MEMORIES AND FLOWERS On the 4th of December, two Vanavasis walked around the retreat noting the flowers in bloom. We wrote down what each one evoked in their memories: Annatto Vanavasi 1: a young girls birthday Vanavasi 2: passion fruit ice cream Marigold, Fallen Vanavasi 1: a wedding from yesterday Vanavasi 2: India everyday Wild Purple Flower Vanavasi 1: lavender soap Vanavasi 2: eyelashes Desi Rose, Shedding Vanavasi 1: an ending romance Vanavasi 2: my mother’s perfume Red Passion Flower Vanavasi 1: Japan? Vanavasi 2: Yes, I agree, somewhere like Japan.
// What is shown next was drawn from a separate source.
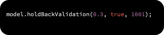 As the next step, a training set is used to fit the model, leaving a test set aside. According to the first argument, 0.3, we will hold 30% of the data; the next argument specifies to shuffle the data randomly. A holdback validation model is used because 1001 says there is a seed value of 1001.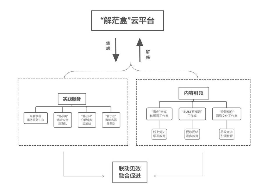 本案例(li)以“解(jie)茫盒(he)”云平台(tai)为(wei)载(zai)体(ti),秉承“全(quan)心(xin)全(quan)意为(wei)学生服(fu)务”的初心(xin),以“知需,听思(si),答疑(yi),解(jie)惑(huo)”为(wei)服(fu)务理念,以“线上集惑(huo)——线下(xia)解(jie)惑(huo)——联动(dong)见效”为(wei)设计思(si)路(lu),搭建了一(yi)个线上“解(jie)茫盒(he)”云平台(tai),建立了四支线下(xia)实(shi)践(jian)服(fu)务团队(dui)、打造了三个支撑和丰富云平台(tai)内容(rong)输出(chu)的网(wang)络文化工作(zuo)室,以此(ci)来实(shi)现对(dui)青年学生的集惑(huo)与解(jie)惑(huo),从而打通高(gao)校进行思(si)想政(zheng)治教(jiao)育“最(zui)后(hou)一(yi)公里(li)”的实(shi)践(jian)创(chuang)新路(lu)径,大力推(tui)动(dong)思(si)政(zheng)育人(ren)的高(gao)度、深度与广度。

The Metta Sutta: The Buddha’s words on loving kindness

This is what should be done By one who is skilled in goodness, And who knows the path of peace: Let them be able and upright, Straightforward and gentle in speech. Humble and not conceited, Contented and easily satisfied, Unburdened with duties and frugal in their ways. Peaceful and calm, and wise and skillful, Not proud and demanding in nature. Let them not do the slightest thing That the wise would later reprove. Wishing: in gladness and in safety, May all beings be at ease. Whatever living beings there may be, Whether they are weak or strong, omitting none, The great or the mighty, medium, short or small, The seen and the unseen, Those living near and far away, Those born and to be born —

May all beings be at ease.

Let none deceive another, Or despise any being in any state. Let none through anger or ill-will Wish harm upon another. Even as a mother protects with her life Her child, her only child, So with a boundless heart Should one cherish all living beings; Radiating kindness over the entire world: Spreading upwards to the skies, And downwards to the depths; Outwards and unbounded, Freed from hatred and ill-will. Whether standing or walking, seated or lying down Free from drowsiness, One should sustain this recollection. This is said to be the sublime abiding. By not holding to fixed views, The pure-hearted one, having clarity of vision, Being freed from all sense-desires, Is not born again into this world.